> **Given data**

*** Block opens ***

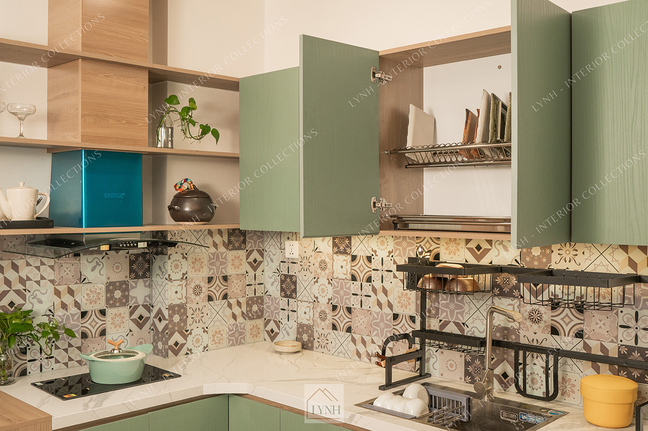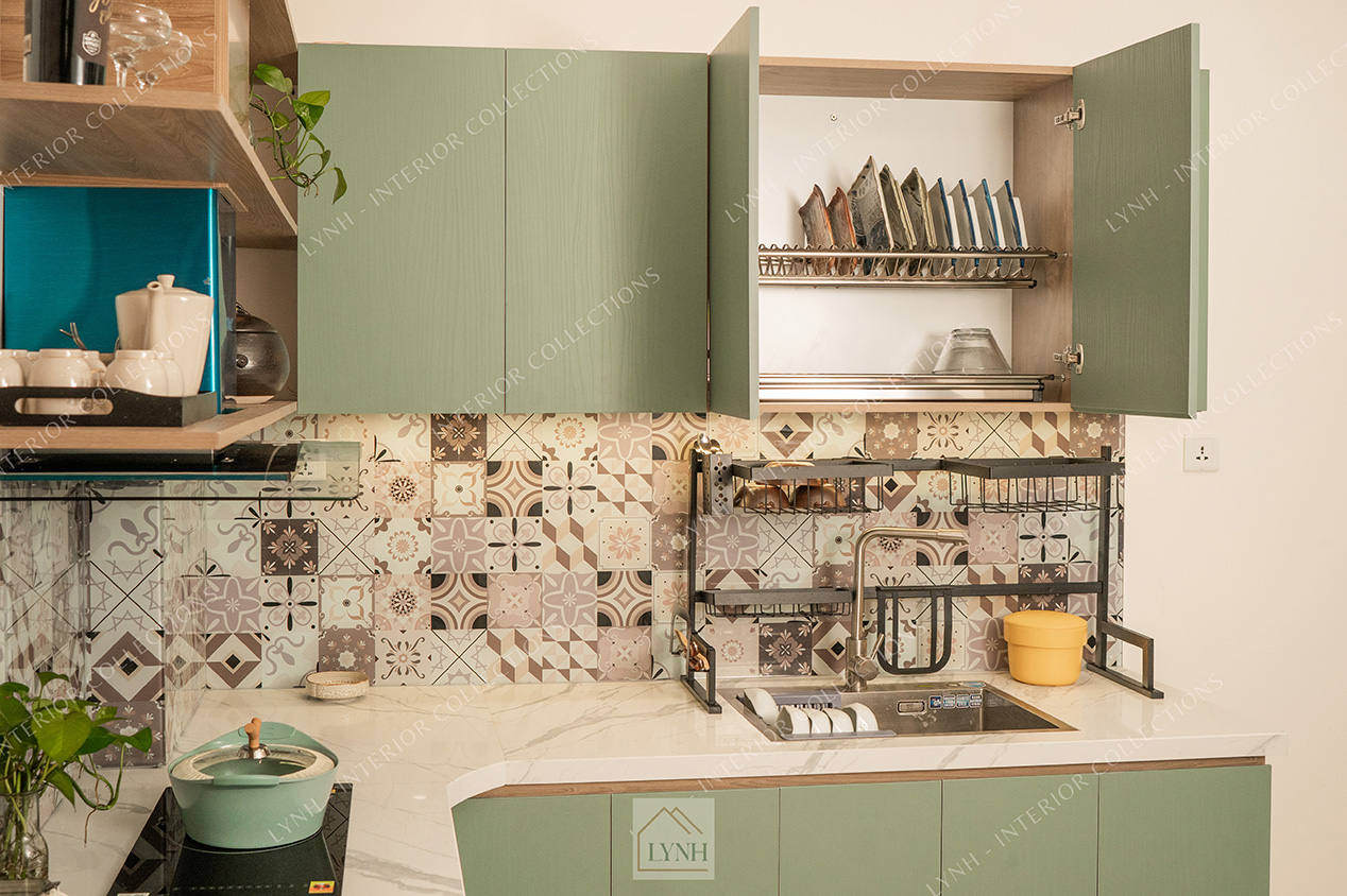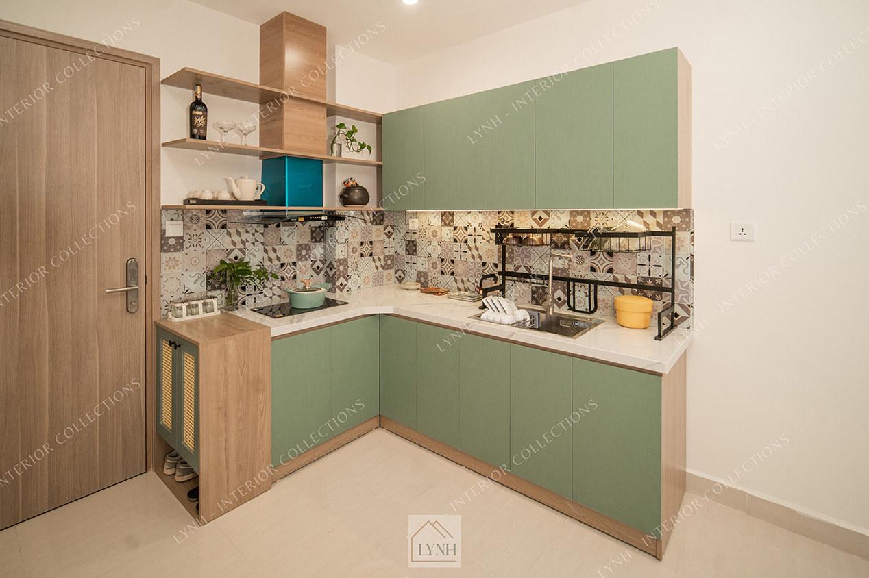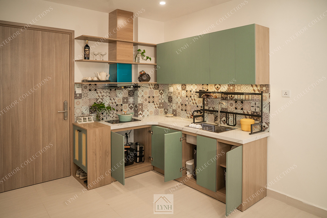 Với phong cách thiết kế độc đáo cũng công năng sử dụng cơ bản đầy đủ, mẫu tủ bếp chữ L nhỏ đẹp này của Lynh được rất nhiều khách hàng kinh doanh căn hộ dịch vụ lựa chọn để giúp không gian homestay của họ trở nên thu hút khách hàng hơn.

*** Block closes ***
*** Block opens ***

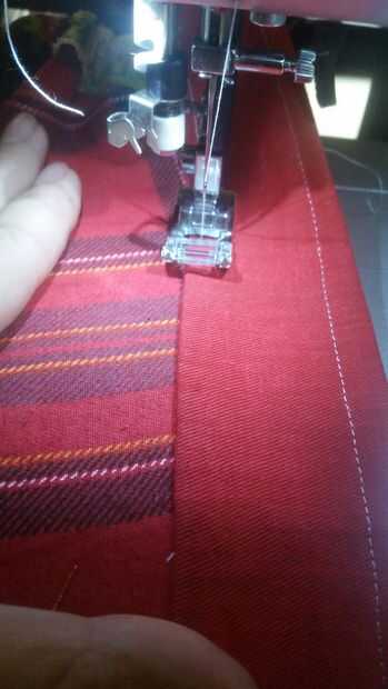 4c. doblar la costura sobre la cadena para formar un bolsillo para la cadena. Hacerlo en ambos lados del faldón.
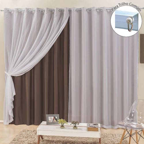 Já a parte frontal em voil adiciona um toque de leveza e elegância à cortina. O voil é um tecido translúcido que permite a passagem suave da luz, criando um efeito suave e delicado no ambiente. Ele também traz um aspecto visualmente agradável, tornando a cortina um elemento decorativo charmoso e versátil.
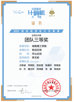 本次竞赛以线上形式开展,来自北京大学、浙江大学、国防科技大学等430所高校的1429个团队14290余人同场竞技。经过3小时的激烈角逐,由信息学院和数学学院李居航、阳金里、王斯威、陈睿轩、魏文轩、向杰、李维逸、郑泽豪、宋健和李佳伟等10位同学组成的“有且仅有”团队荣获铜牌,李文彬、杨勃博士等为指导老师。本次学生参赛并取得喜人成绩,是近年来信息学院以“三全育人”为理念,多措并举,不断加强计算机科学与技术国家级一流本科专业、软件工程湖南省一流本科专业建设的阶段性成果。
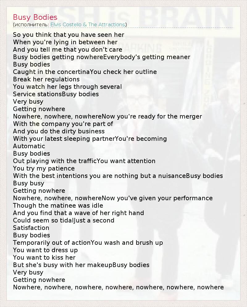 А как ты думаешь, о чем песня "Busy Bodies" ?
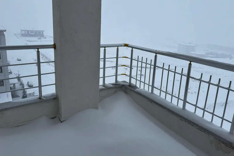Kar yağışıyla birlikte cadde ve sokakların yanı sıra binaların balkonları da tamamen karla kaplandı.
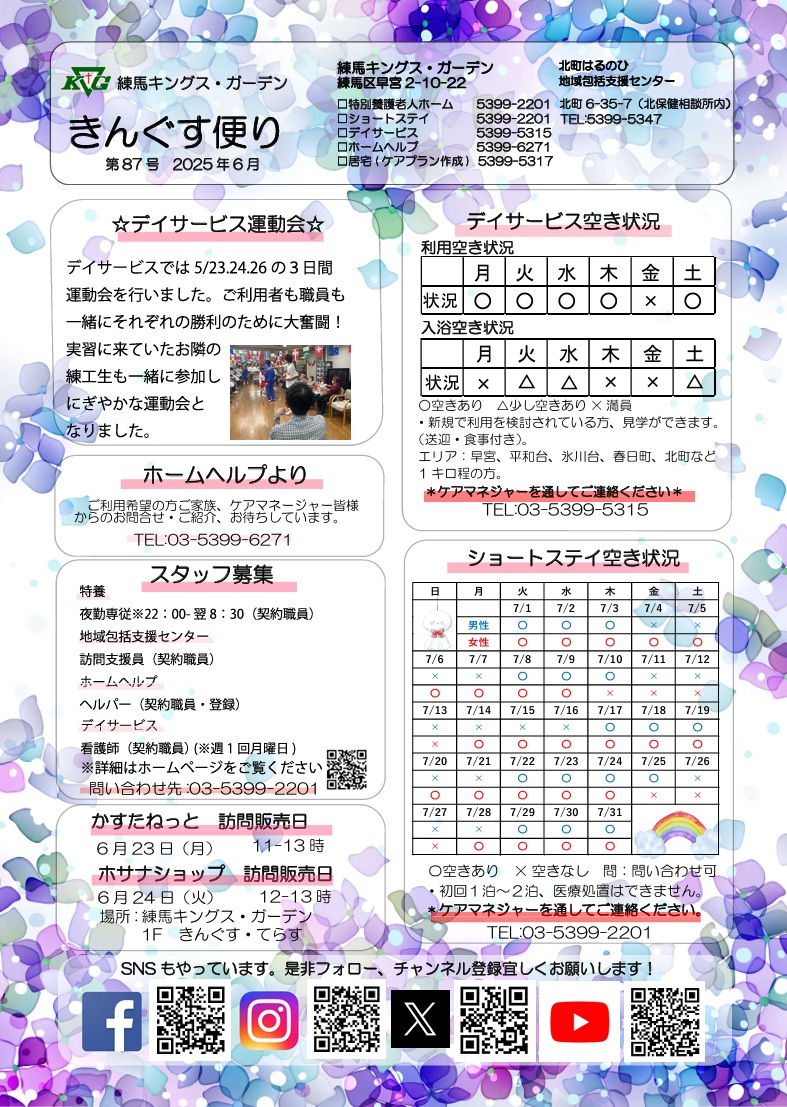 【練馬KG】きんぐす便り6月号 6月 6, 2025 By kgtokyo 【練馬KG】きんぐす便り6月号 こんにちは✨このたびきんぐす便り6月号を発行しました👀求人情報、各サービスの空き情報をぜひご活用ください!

*** Block closes ***

> **Work to complete**
From the records above, extract the lines from the one holding "Já a parte frontal" through the one holding "2025 By kgtokyo", word for word; omit the pictures.

> **Written response**
 Já a parte frontal em voil adiciona um toque de leveza e elegância à cortina. O voil é um tecido translúcido que permite a passagem suave da luz, criando um efeito suave e delicado no ambiente. Ele também traz um aspecto visualmente agradável, tornando a cortina um elemento decorativo charmoso e versátil.
 本次竞赛以线上形式开展,来自北京大学、浙江大学、国防科技大学等430所高校的1429个团队14290余人同场竞技。经过3小时的激烈角逐,由信息学院和数学学院李居航、阳金里、王斯威、陈睿轩、魏文轩、向杰、李维逸、郑泽豪、宋健和李佳伟等10位同学组成的“有且仅有”团队荣获铜牌,李文彬、杨勃博士等为指导老师。本次学生参赛并取得喜人成绩,是近年来信息学院以“三全育人”为理念,多措并举,不断加强计算机科学与技术国家级一流本科专业、软件工程湖南省一流本科专业建设的阶段性成果。
 А как ты думаешь, о чем песня "Busy Bodies" ?
Kar yağışıyla birlikte cadde ve sokakların yanı sıra binaların balkonları da tamamen karla kaplandı.
 【練馬KG】きんぐす便り6月号 6月 6, 2025 By kgtokyo 【練馬KG】きんぐす便り6月号 こんにちは✨このたびきんぐす便り6月号を発行しました👀求人情報、各サービスの空き情報をぜひご活用ください!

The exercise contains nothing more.